Ankylosing spondylitis (AS), a chronic inflammatory disease of the spine and sacroiliac joints, is characterized by new bone formation and is thereby associated with syndesmophytes and ankylosis[1]. Osteoporosis is also present in AS and has multiple etiologies[2, 3]. Several biomarkers are known to be related to bone turnover. In general, activation of osteoclasts (OCs) plays an important role in bone loss and the development of erosions. Human receptor activator of nuclear factor-κβ ligand (RANKL), a member of the tumor necrosis factor super family, is one molecule that stimulates OCs. In contrast, inhibition of OCs and activation of osteoblasts (OBs) are linked with new bone formation and ossification. Osteoprotegerin (OPG), which is produced by OBs, inhibits RANKL and plays an important role in bone formation[4]. Recently, various components of the Wnt pathway signaling cascade were found to be involved in maintaining bone mass. The most-studied secreted Wnt inhibitors are sclerostin, dickkopfs (Dkks), and secreted frizzled related proteins (sFRP1), which likely play important roles in bone turnover[5].

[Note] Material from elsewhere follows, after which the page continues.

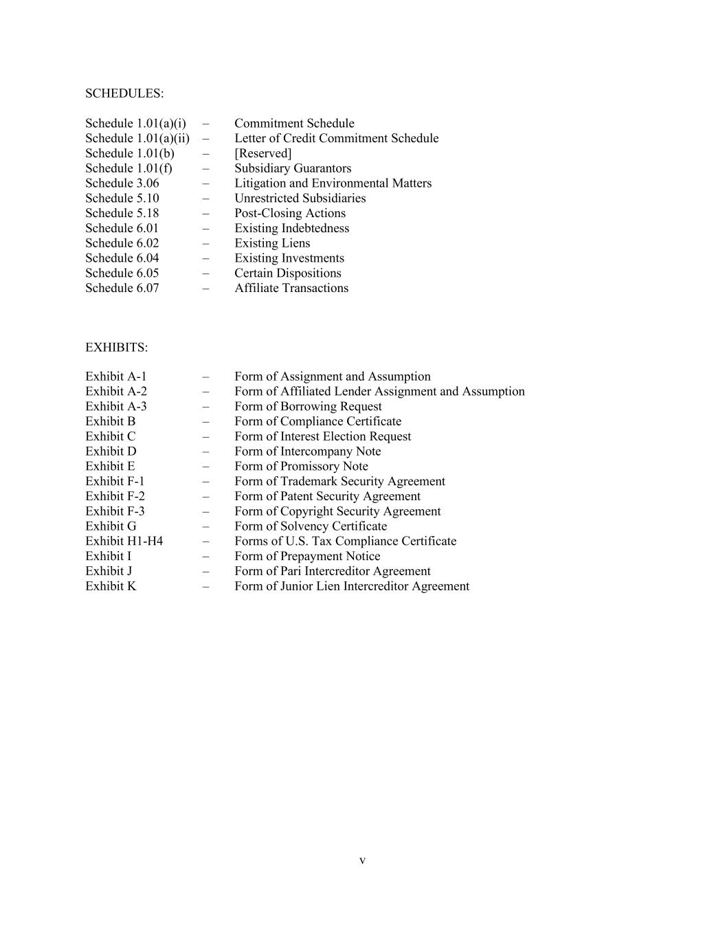 v SCHEDULES: Schedule 1.01(a)(i) – Commitment Schedule Schedule 1.01(a)(ii) – Letter of Credit Commitment Schedule Schedule 1.01(b) – [Reserved] Schedule 1.01(f) – Subsidiary Guarantors Schedule 3.06 – Litigation and Environmental Matters Schedule 5.10 – Unrestricted Subsidiaries Schedule 5.18 – Post-Closing Actions Schedule 6.01 – Existing Indebtedness Schedule 6.02 – Existing Liens Schedule 6.04 – Existing Investments Schedule 6.05 – Certain Dispositions Schedule 6.07 – Affiliate Transactions EXHIBITS: Exhibit A-1 – Form of Assignment and Assumption Exhibit A-2 – Form of Affiliated Lender Assignment and Assumption Exhibit A-3 – Form of Borrowing Request Exhibit B – Form of Compliance Certificate Exhibit C – Form of Interest Election Request Exhibit D – Form of Intercompany Note Exhibit E – Form of Promissory Note Exhibit F-1 – Form of Trademark Security Agreement Exhibit F-2 – Form of Patent Security Agreement Exhibit F-3 – Form of Copyright Security Agreement Exhibit G – Form of Solvency Certificate Exhibit H1-H4 – Forms of U.S. Tax Compliance Certificate Exhibit I – Form of Prepayment Notice Exhibit J – Form of Pari Intercreditor Agreement Exhibit K – Form of Junior Lien Intercreditor Agreement

Various studies have aimed to identify and clarify the mechanisms of bone turnover in AS, which results in new bone formation and, paradoxically, osteoporosis[613]. The use of anti-TNF treatments has provided new insights into the treatment of inflammatory rheumatic diseases, particularly AS and rheumatoid arthritis (RA). Current data suggested that formation of syndesmophytes is not prevented by anti-TNF treatments, despite significant clinical improvement[14]. It is not known why bone formation continues even when inflammation is suppressed[14, 15]; therefore; further studies are needed to identify pathophysiological mechanisms responsible for new bone formation and osteoporosis in AS. In the current study, we evaluated the biomarkers and cytokines related to bone turnover in AS patients who were treated with conventional agents and anti-TNFs. We also investigated the relationship of bone mineral density with various biomarkers of bone turnover and clinical parameters.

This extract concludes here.